Task description — In the entries below, the lines from the one with "ՏնտեսությունՀայաստանի տնտեսական ակտիվության" through the one with "2.持普通儲值卡(盛京通卡)乘坐地鐵,其票價按對應的單程基本票價的9折計算。" are to be copied exactly; both ends count.

Listed records —

▽

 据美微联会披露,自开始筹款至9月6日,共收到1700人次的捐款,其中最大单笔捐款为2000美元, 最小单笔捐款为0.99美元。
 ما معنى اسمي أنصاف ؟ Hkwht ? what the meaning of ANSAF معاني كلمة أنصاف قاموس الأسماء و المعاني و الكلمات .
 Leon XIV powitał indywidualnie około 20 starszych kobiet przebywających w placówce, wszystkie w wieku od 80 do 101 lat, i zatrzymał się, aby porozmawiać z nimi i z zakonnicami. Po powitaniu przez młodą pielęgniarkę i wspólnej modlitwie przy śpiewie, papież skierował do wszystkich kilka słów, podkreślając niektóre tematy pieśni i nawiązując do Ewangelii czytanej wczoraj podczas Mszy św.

△
▽

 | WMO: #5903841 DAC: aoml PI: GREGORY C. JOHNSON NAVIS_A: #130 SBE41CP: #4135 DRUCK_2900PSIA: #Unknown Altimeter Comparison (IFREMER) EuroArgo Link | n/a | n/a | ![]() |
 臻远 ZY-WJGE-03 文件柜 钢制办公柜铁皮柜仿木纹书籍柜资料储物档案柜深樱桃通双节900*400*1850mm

△
▽

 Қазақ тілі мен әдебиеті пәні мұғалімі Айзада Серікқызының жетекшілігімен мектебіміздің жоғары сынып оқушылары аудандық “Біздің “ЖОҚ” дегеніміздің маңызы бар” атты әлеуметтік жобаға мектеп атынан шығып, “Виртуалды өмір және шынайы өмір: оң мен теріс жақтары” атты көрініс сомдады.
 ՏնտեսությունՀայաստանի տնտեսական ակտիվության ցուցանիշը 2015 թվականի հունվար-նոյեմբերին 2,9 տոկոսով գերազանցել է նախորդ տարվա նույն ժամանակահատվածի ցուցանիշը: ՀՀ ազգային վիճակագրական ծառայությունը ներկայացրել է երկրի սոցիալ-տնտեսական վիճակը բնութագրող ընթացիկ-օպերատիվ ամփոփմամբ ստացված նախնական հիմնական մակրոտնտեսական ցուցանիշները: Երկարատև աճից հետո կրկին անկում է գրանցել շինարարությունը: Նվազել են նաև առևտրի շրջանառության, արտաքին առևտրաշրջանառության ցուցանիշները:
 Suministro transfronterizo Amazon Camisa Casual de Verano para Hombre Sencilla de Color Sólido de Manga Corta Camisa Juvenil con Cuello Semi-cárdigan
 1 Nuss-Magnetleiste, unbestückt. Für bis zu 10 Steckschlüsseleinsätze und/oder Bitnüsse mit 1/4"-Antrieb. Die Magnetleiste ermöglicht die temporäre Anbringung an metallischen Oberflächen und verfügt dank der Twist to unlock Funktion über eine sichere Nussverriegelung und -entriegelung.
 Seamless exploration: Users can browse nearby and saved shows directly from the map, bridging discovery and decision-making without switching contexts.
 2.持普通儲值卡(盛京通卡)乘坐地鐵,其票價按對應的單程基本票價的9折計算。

△

Answer area —
 ՏնտեսությունՀայաստանի տնտեսական ակտիվության ցուցանիշը 2015 թվականի հունվար-նոյեմբերին 2,9 տոկոսով գերազանցել է նախորդ տարվա նույն ժամանակահատվածի ցուցանիշը: ՀՀ ազգային վիճակագրական ծառայությունը ներկայացրել է երկրի սոցիալ-տնտեսական վիճակը բնութագրող ընթացիկ-օպերատիվ ամփոփմամբ ստացված նախնական հիմնական մակրոտնտեսական ցուցանիշները: Երկարատև աճից հետո կրկին անկում է գրանցել շինարարությունը: Նվազել են նաև առևտրի շրջանառության, արտաքին առևտրաշրջանառության ցուցանիշները:
 Suministro transfronterizo Amazon Camisa Casual de Verano para Hombre Sencilla de Color Sólido de Manga Corta Camisa Juvenil con Cuello Semi-cárdigan
 1 Nuss-Magnetleiste, unbestückt. Für bis zu 10 Steckschlüsseleinsätze und/oder Bitnüsse mit 1/4"-Antrieb. Die Magnetleiste ermöglicht die temporäre Anbringung an metallischen Oberflächen und verfügt dank der Twist to unlock Funktion über eine sichere Nussverriegelung und -entriegelung.
 Seamless exploration: Users can browse nearby and saved shows directly from the map, bridging discovery and decision-making without switching contexts.
 2.持普通儲值卡(盛京通卡)乘坐地鐵,其票價按對應的單程基本票價的9折計算。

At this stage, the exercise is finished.